I soon refrained from praising him and discussing favoritism and over time uncovered a clue that at least took guilt out of the driver’s seat: “When you feel guilty, this lets your sisters do their job for them. They don’t have to feel guilty about anything they do; they just lay it all on you and instead of them beating you up, you oblige and do all the work of beating yourself up for them.” For the first time regarding his guilt, Samuel said he felt “lighter.”  A day later he emailed me that he was sleeping better. Ah, Mr. Guilt, I got you that time!!

In Praise Of Euphemisms

The way some people pooh-pooh euphemisms you would think they were a miniature form of fake news. When I was a chaplain intern I was admonished, “Don’t say ‘pass away’ or ‘ she is in a better place.’ Tell it like it is and say the person died or is dying.” I do get the point about being honest and direct about a painful and scary subject, and that such directness is a corrective to all the death avoidance in our culture. Euphemisms can even do great harm by breeding misunderstanding. I have cautioned families with small children that if they say “Grandpa went to sleep” the kids might be afraid to go asleep and suffer the same fate, or they might keep hoping Gramps will wake up. Clear language also may help the mourners grasp more quickly that their loved one is going or gone and that it is time to go forward on their grief journey.

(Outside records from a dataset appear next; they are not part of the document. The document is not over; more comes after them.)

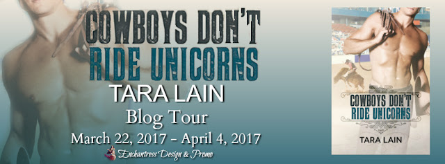 Hi everyone. I’m so happy to be here. I’m Tara Lain and I write the Beautiful Boys of Romance. Today, I’m celebrating the addition of some new gorgeous guys to my pantheon in a book called Cowboys Don’t Ride Unicorns. It’s my second ever cowboy romance and my first bull rider. In this story, my hunky bull rider meets his “unicorn”, a beautiful, androgynous, pink-haired interior decorator who likes to top! He’s not only a rare unicorn, he’s very much a Tara Lain Beautiful Boy.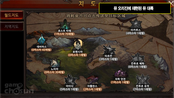 ▲ 원작의 세계관을 그대로 잇는 뮤 대륙 월드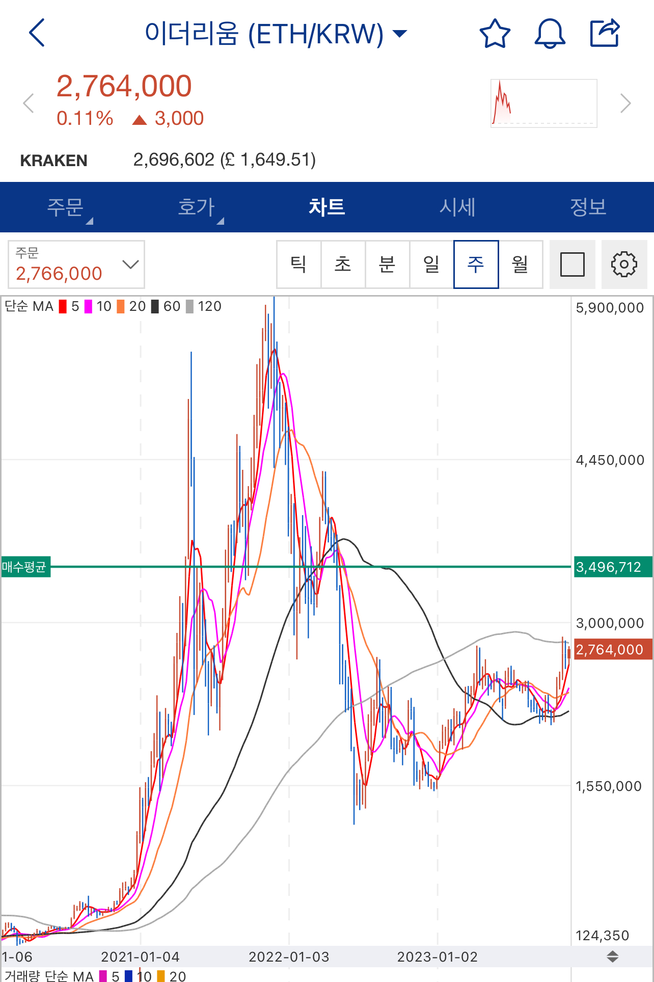 이더리움의 최고단가는 600만원이었고, 150만원대까지 내려갔다가 지금은 276만원대이다. 내가 소유하고 있는 이더리움의 단가는 350만원대이다. (참고로 쪼금 물타서 이정도.. ㅋㅋ)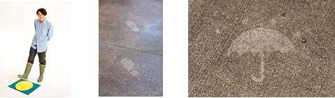 レインアートの中には、「ふしぎな雨男」の長靴の足跡があります。実際に、長靴を履いた高橋一生さんに足型をとらせていただきました。ぜひ会場にて、高橋一生さんの足跡を探してみてください。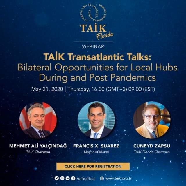 Consulate General of Turkey in Miami and Turkish American Business Council (TAIK) shall be hosting Honorable Francis Suarez, Mayor of the City of Miami, at the “TAIK Transatlantic Taks” this Thursday, May 21, 2020 at 09:00am EST.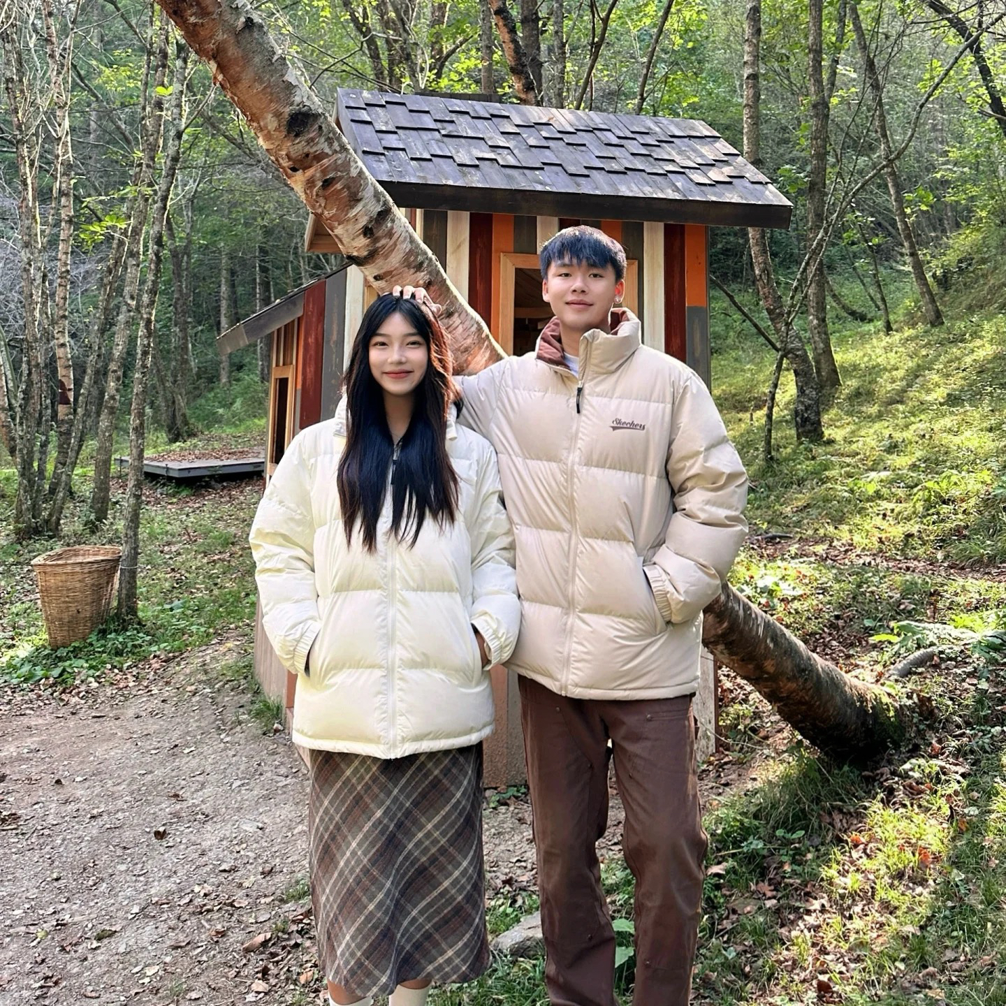来山里提前过冬天咯!! 和男朋友穿了斯凯奇的面包羽绒服~奶呼呼的真的好piu亮!👀小个子穿也很好看~显高! 衣领专门选了绒面撞色搭配~ ➖秋冬氛围感一下就来了!!真的好好看始最值得提的是这个羽绒服用了石墨烯科技真的很保暖直接升温3度不怕山里的大风了‼️ 晚上山里很冷 穿着它满满的安全感嘿嘿还有三防功能脏了也不怕!!安全感满满的面包羽绒服 图片来源于@Naomigim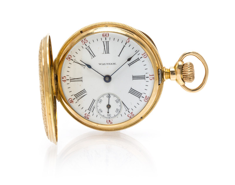 A 14 Karat Yellow Gold Hunter Case Pocket Watch, Waltham,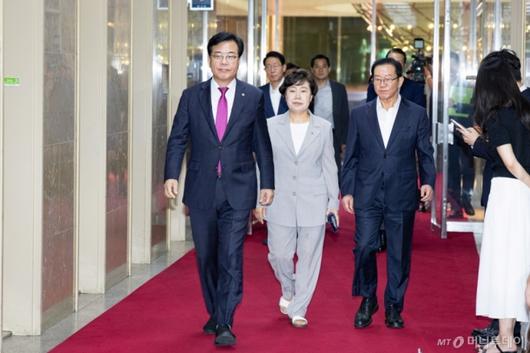 (서울=뉴스1) 유승관 기자 = 송언석 국민의힘 비상대책위원장 겸 원내대표를 비롯한 중진 의원들이 19일 서울 여의도 국회에서 본회의 일정 연기 등 현안 관련 우원식 국회의장을 만나기 위해 의장실로 들어서고 있다. 2025.8.19/뉴스1 Copyright (C) 뉴스1. All rights reserved. 무단 전재 및 재배포, AI학습 이용 금지. /사진=(서울=뉴스1) 유승관 기자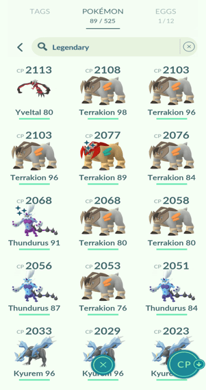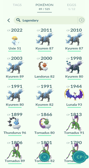 1x Landorus (Incarnate), 15x Kyurem, 1x Kyurem (Black)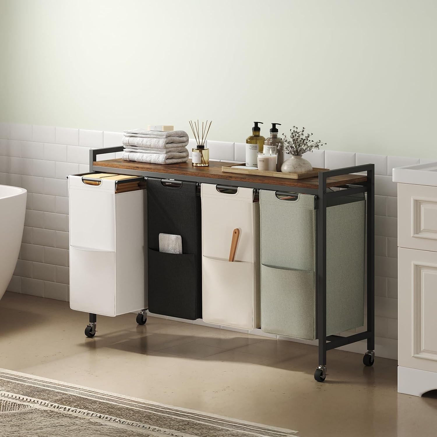 HOOBRO Laundry Sorter 4 Sections, Laundry Hamper with Wheels, 4 × 10.5 Gal (40 L), Rolling Laundry Basket, Pull-Out and Removable Oxford Fabric Bags, Rustic Brown BFE04XY01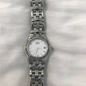 This women's Citizen watch looks and works great. No signs of wear on the chain strap or face and it is water resistant. I replaced the battery when I listed the item but since it hasn't been used it needs a new battery now. This watch was made in Japan and is item #1010-M14304.

But sometimes euphemisms may be exactly what the chaplain ordered. The problem with directness is that it can be, well, too direct. Is it always necessary to drop the unvarnished truth on someone all at one go? Maybe truth in small doses is more manageable. Sugar-coating has its place if the alternative is not to take the dose at all. After all, what family member can take in all at once that death is imminent? So many times I talk with family on the phone when their loved one is on hospice who ask me if the patient talked with me during my visit. This is after I see the patient  just prior to the phone call and observe that he is completely unresponsive and glassy-eyed, which means, to coin a new euphemism, he is about to become a part of world history. Rather than necessarily say, “I’m so sorry to say this, but it seems that your husband is about to die and probably has only  a day or two left,” I might say, “I think he is not speaking now because he is turning inward and preparing for the end.”  That is pretty clear without mercilessly rubbing in the details. And even with that, the family might go on to chatter about the patient feeling better tomorrow.

Sometimes I use euphemism as an entrée into general discussions on death. After all, the title of my book, which is about true stories my hospice patients told me, is a euphemism! (The title is Encountering The Edge.) And if you are a health professional reading this blog post, you may well know that humorous euphemisms are a part of self-care. So very many times I have joked with my own husband, a baseball lover that so-and-so is “in the bottom of the ninth.”

Next time you see that someone is in Act Three, Scene Three, consider euphemism as one tool among many for helping others as well as yourself find a byway when the main road is impassable into that most formidable of subjects, death and dying.